Il bagno aveva le piastrelle blu, uno spazio di infinità racchiuso in pochi metri quadri. Passò davanti allo specchio sopra il lavello entrando e uscendo.           Lo evitava, come sempre, quando la notte era stata insopportabile.                                                        L’incubo era sempre lo stesso, breve, senza soste, oscuro. Una vertigine in cui perdeva pezzi di sé.        Si fermò davanti al cavalletto, la tela era incompleta, non trovava pace.
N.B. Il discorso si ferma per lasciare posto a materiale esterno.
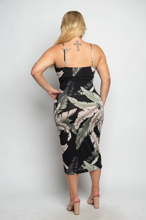 Plus Size Tropical Print Slit Midi Bodycon Cami Dress

Segni di tempera coperti, corretti, cancellati. Colore su colore. Macchie. Lacrime. Graffi. Tentare di dare una forma alle scene notturne si stava rivelando inutile. Era più dura del previsto. Ma la salvezza passa per il dolore, come la libertà.                                                                       Essere libera da se stessa, da un passato che ignorava, prevedeva che, prima lo guardasse in faccia, riconoscesse e affrontasse.       

Zoe tornò in bagno. Fissò lo specchio. Si lavò la faccia, se l’asciugò con un panno di spugna nera e poi pose di nuovo gli occhi su di lei, lì sul vetro: i capelli si muovevano agitati dal vento, gli occhi si scurivano, la pelle andava schiarendosi . Era vestita di bianco, le pieghe del vestito macchiate di sangue, le mani lunghe e sottili come artigli.                       

Zoe continuava a guardarsi, a guardare quell’immagine riflessa. Era lei? Non era lei? Sì che era lei. Ma nella realtà non era così in quel momento… si toccò i capelli, erano immobili, non c’era nessun vento a scompigliarli, in quella stanza dominava l’immobilità, il silenzio.        Si accarezzò il viso, la sua pelle e sapeva che di non essere così bianca come il latte. Sapeva bene anche di che colore erano veramente i suoi occhi.                                            Scese con le mani sul corpo, non aveva abiti addosso. Si accarezzò i seni, li sentì morbidi, sodi, vivi. L’immagine nello specchio la fissava e Zoe fissava lei. Era una sfida tra due facce diverse, tra due donne diverse, facce di una stessa persona.           

La lotta durava da una vita e stava continuando.